WHAT YOU SHOULD DO
Below, some lines carry pictures; leave those pictures out and retype exactly the lines from the one with "LC-ADBGZ183H Black &" through the one with "所以,在拟定任何策略、目标之".

Saved data entries:
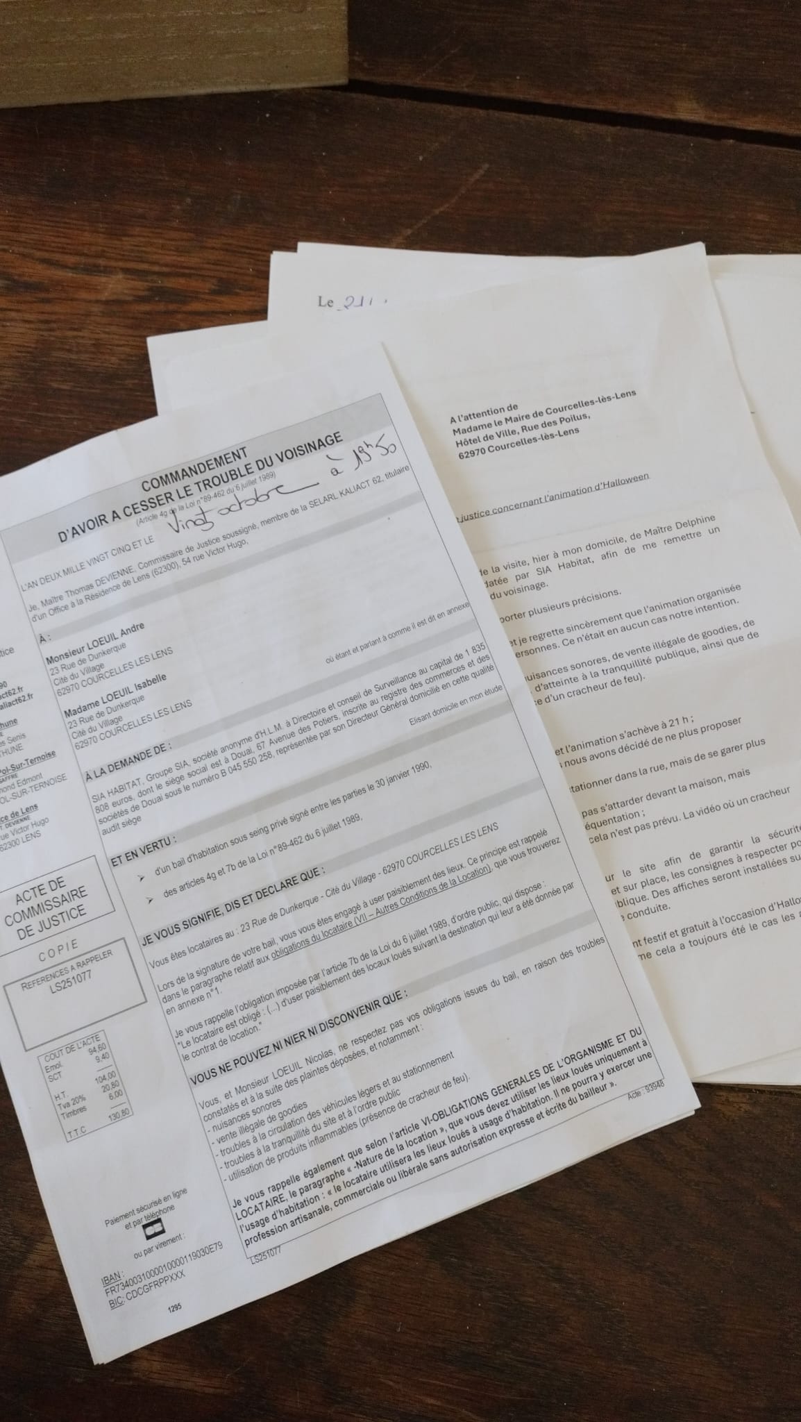 Oui, mais dès le lendemain, Nicolas et sa mère ont eu une mauvaise surprise : « Un huissier est venu déposer un commandement d’avoir à cesser le trouble du voisinage. » La mairie, qui aurait reçu des plaintes de voisins, a prévenu le bailleur social, SIA Habitat, propriétaire de la maison. « Il est écrit que si on n’arrête pas les faits reprochés, on peut être expulsés », explique Isabelle, en colère, avant d’ajouter : « On a eu cinq fois le passage de la police sur la même journée. »
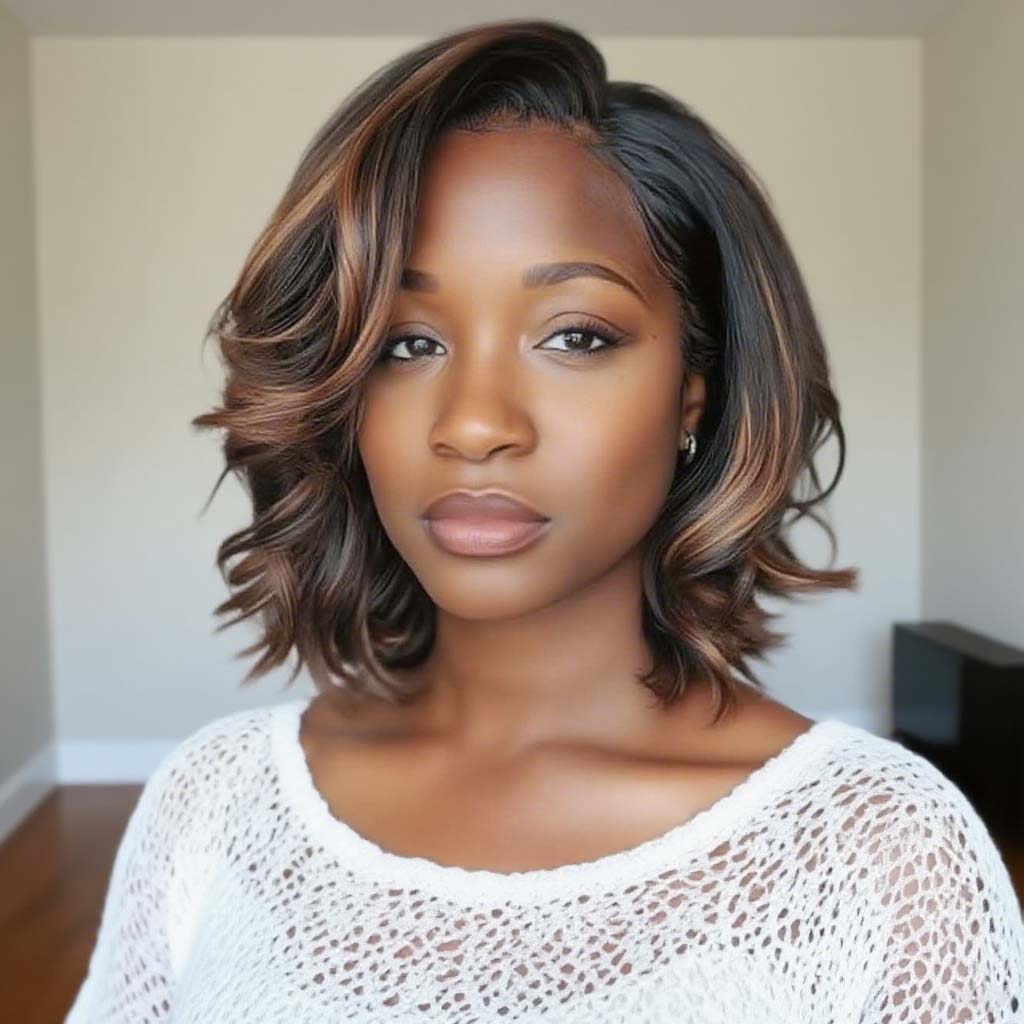 Glueless Pre Cut Lace Human Hair Bob Wig Wear Go Brown Highlights Side Part 13X4 lace frontal wig
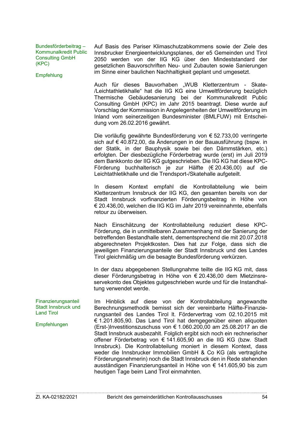 Innsbruck). Die Kontrollabteilung moniert in diesem Kontext, dass
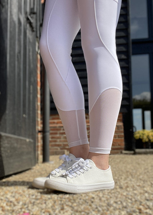White Competition Full Seat Riding Leggings/Tights Vented Sock
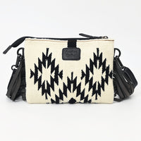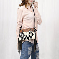 LC-ADBGZ183H Black & White Tribal Wool Crossbody Bag with Tooled Leather and Fringe - Western Purse
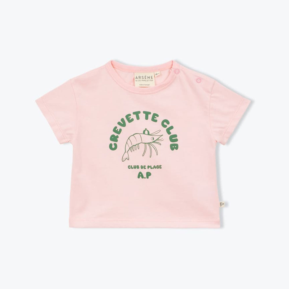 T-shirt bébé « Crevette Club » rose poudré, doux et confortable pour accompagner les tout-petits au quotidien. Confectionné en jersey 100 % coton biologique tricoté, il respecte la peau délicate des bébés.
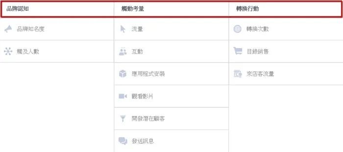所以,在拟定任何策略、目标之前,你需要深入了解市场、目标受众、竞争对手,这将有助于创建更有效的广告活动。请记住,对于不同受众来说,需要以不同方式进行推广,而不是试图只用一则广告活动打动所有的人,所以Facebook广告分成3种不同的活动主轴:品牌认知、触动考量、转换行动。
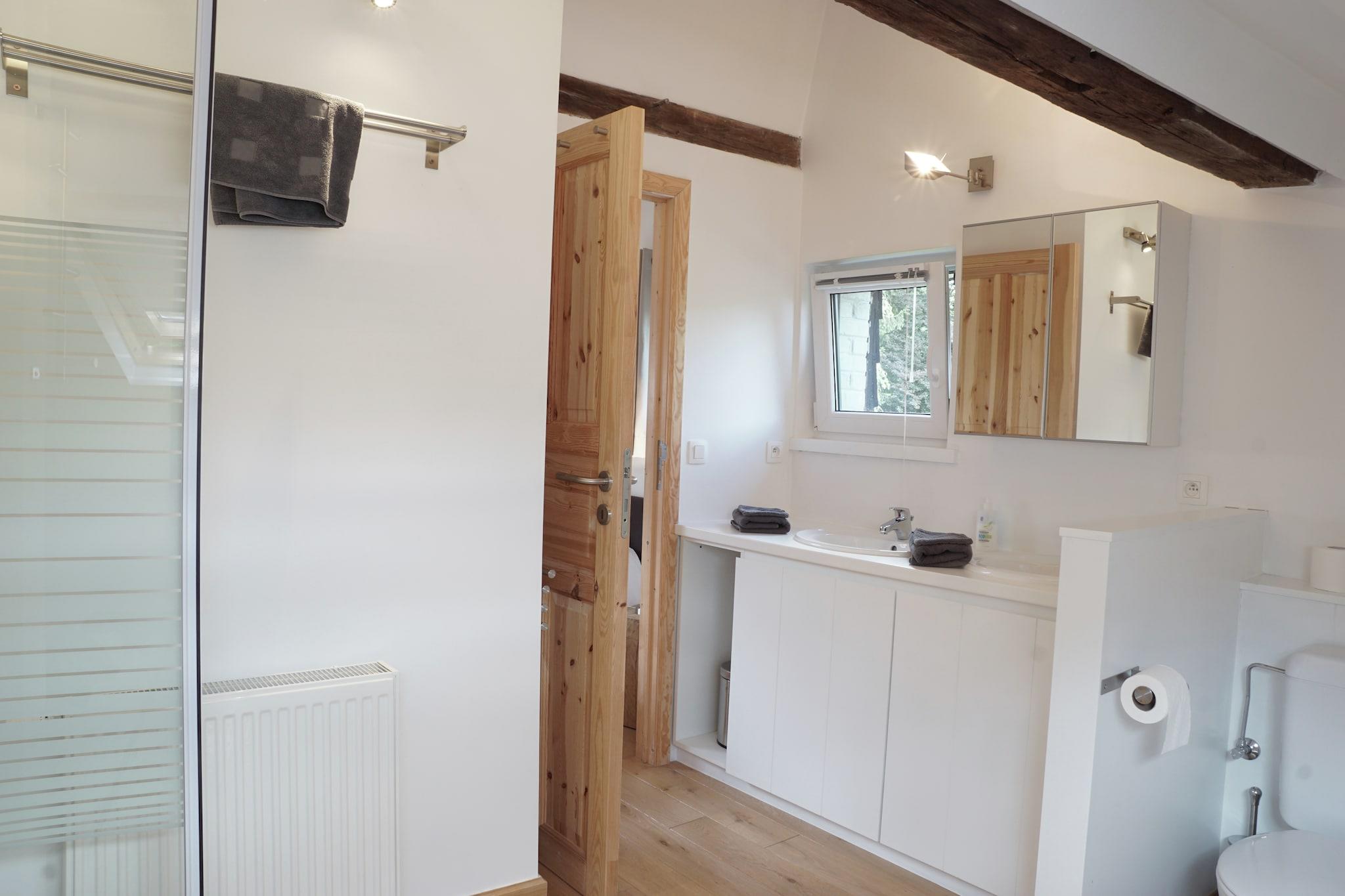 Beliggende mellem skov og flod tilbyder denne storslåede Ardenner-residens et fredeligt tilflugtssted for op til 14 gæster. Med syv rummelige soveværelser blander huset historisk karakter med moderne luksus. Ejeren har bevaret en rig familiearv gennem blød belysning og hyggelige detaljer. For større grupper kan ejendommen kombineres med et tilstødende sommerhus, hvilket gør det perfekt til sammenkomster eller retræter. Denne fleksibilitet sikrer en eksklusiv oplevelse, der forbliver intim og giver en unik atmosfære af varme og naturlig inspiration gennem hele opholdet. Stueetagen fungerer som det sociale hjerte med en stor stue, formel spisestue og et dedikeret billardrum. En hyggelig tv-stue tilbyder en rolig krog, mens det fuldt udstyrede køkken håndterer alle cateringbehov. Soveværelserne er fordelt på de øverste etager, hvor værelser som "The Orchard" og "The Forest" tilbyder private brusebadeværelser. "Valley"-suiten har en privat balkon, mens øverste etage huser "Meadow"- og "Stream"-suiterne. Denne indretning sikrer, at alle gæster nyder moderne bekvemmeligheder med eget badeværelse, samtidig med at charmen ved en traditionel landejendom bevares. Udenfor tilbyder en 24 hektar stor indhegnet have total afsondrethed. En blid bæk og dam skaber et naturligt lydspor for ejendommen. Gæsterne kan nyde den private petanquebane eller spise på den overdækkede terrasse uanset vejret. Med parkering til seks biler er ejendommen perfekt indrettet til store grupper. Uanset om du vandrer på lokale stier eller slapper af ved vandet, repræsenterer dette hjem det bedste af Ardennernes gæstfrihed, hvor skovens skønhed møder raffineret komfort i virkelig rolige omgivelser.
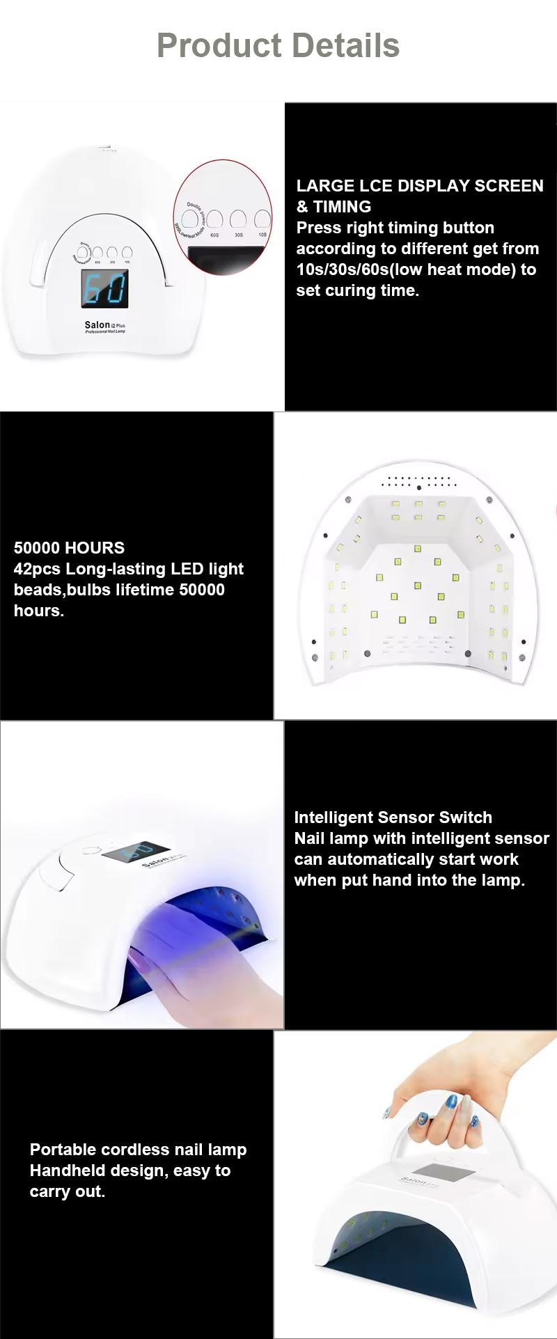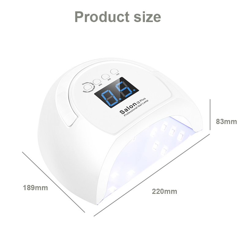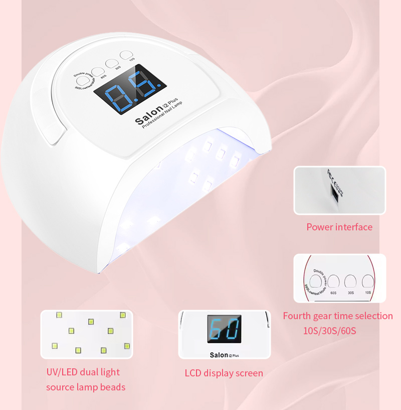 Производ обезбеђује равномерно сушење лепка без скупљања. Његови двоструки извори светлости обезбеђују нежно загревање како би спречили промену боје руку и напрезање очију, погодно за руке и стопала, дајући изузетно брзе резултате сушења.

WRITTEN SOLUTION
 LC-ADBGZ183H Black & White Tribal Wool Crossbody Bag with Tooled Leather and Fringe - Western Purse
 T-shirt bébé « Crevette Club » rose poudré, doux et confortable pour accompagner les tout-petits au quotidien. Confectionné en jersey 100 % coton biologique tricoté, il respecte la peau délicate des bébés.
所以,在拟定任何策略、目标之前,你需要深入了解市场、目标受众、竞争对手,这将有助于创建更有效的广告活动。请记住,对于不同受众来说,需要以不同方式进行推广,而不是试图只用一则广告活动打动所有的人,所以Facebook广告分成3种不同的活动主轴:品牌认知、触动考量、转换行动。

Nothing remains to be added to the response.